Within the Ruin is Colour: making with twenty-eight chromatic encounter
Through twenty-eight encounters, this thesis explores site history differently; colour becomes a lens of site analysis that traces social, economic, and environmental accounts of materials, while challenging the familiarity of linear narratives and the perception of time and space. Traces of colour are stripped from written, verbal, and spiritual histories of industrial ruins. Extracting this spectrum of pigments creates material ambiguity where constructed divisions between what is human versus what is natural, what is contaminated versus what is pure, and what is waste versus what is of value are abolished to enrich our understanding of place. In doing so, this research helps to better understand the role of colour in the alienation of land, animates colour as a primary architectural element and begins a journey towards land reciprocity with damaged industrial landscapes. The core of this thesis lies in noticing colour. For a year, I catalogued a chromatic spectrum from foraged material in the ruin of Barber Paper Mill in Georgetown, Ontario. Red ochre in clay forms the earth that is carved into buildings. Yellow iron of fieldstones marks divisionary lines of settled territory. Green derived from chlorophyll allows the growth of black spruce delineating the paper industry of Canada. Blue patina of oxidized copper memorializes the development of hydro electricity and changing patterns of urbanism. Each hue is a unique story of entangled relationships between material agency and perception. Each story is a forensic exercise in noticing differently and liberating the ruin from abstracted obsolescence. Within the Ruin is Colour reveals entangled connection between the ruin’s physical matter, composition of the built environment, and resulting conditions of the land. These investigations contribute to the study of the perception of space—physical, phenomenological, cultural, and temporal. As encounters operate in the place between each of these individual spaces, focusing on the practice of making with colour explores the architect’s role in preservation and erasure. Colour, as a site of investigation, illuminates how colour exists in space and animates invisible, lost, and erased histories of the land.

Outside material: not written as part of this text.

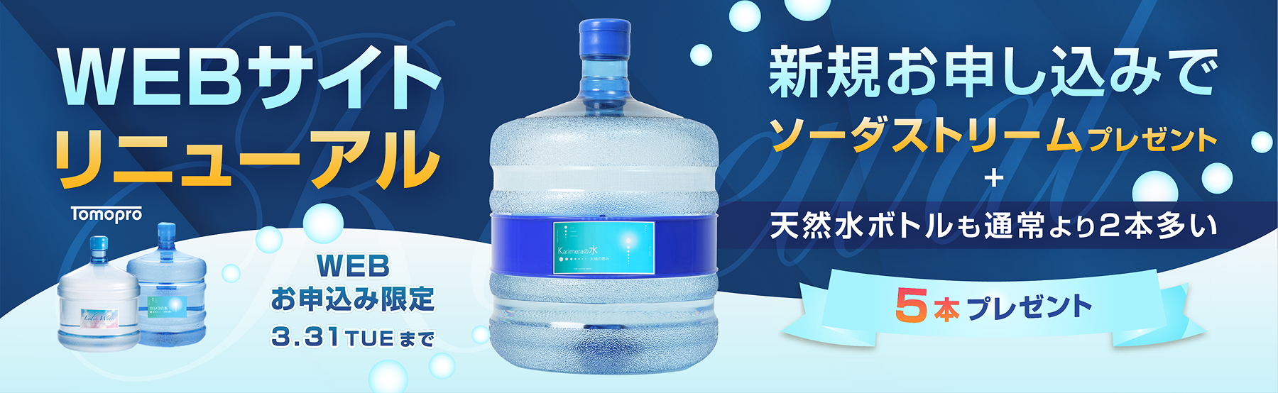 天然水ボトルも通常より2本多い5本プレゼント!

The examining committee is as follows:
Co-supervisor: Anne Bordeleau
Reader: Rick Andrighetti
Internal-external committee member: Fiona Lim Tung
External committee member: Martin Hogue
Friday June 4, 2021, 10:00am, open defence.
Teams link available via the graduate student Learn page or by request.
The committee has been approved as authorized by the Graduate Studies Committee.
A copy of the thesis is available for perusal in ARC 2106A.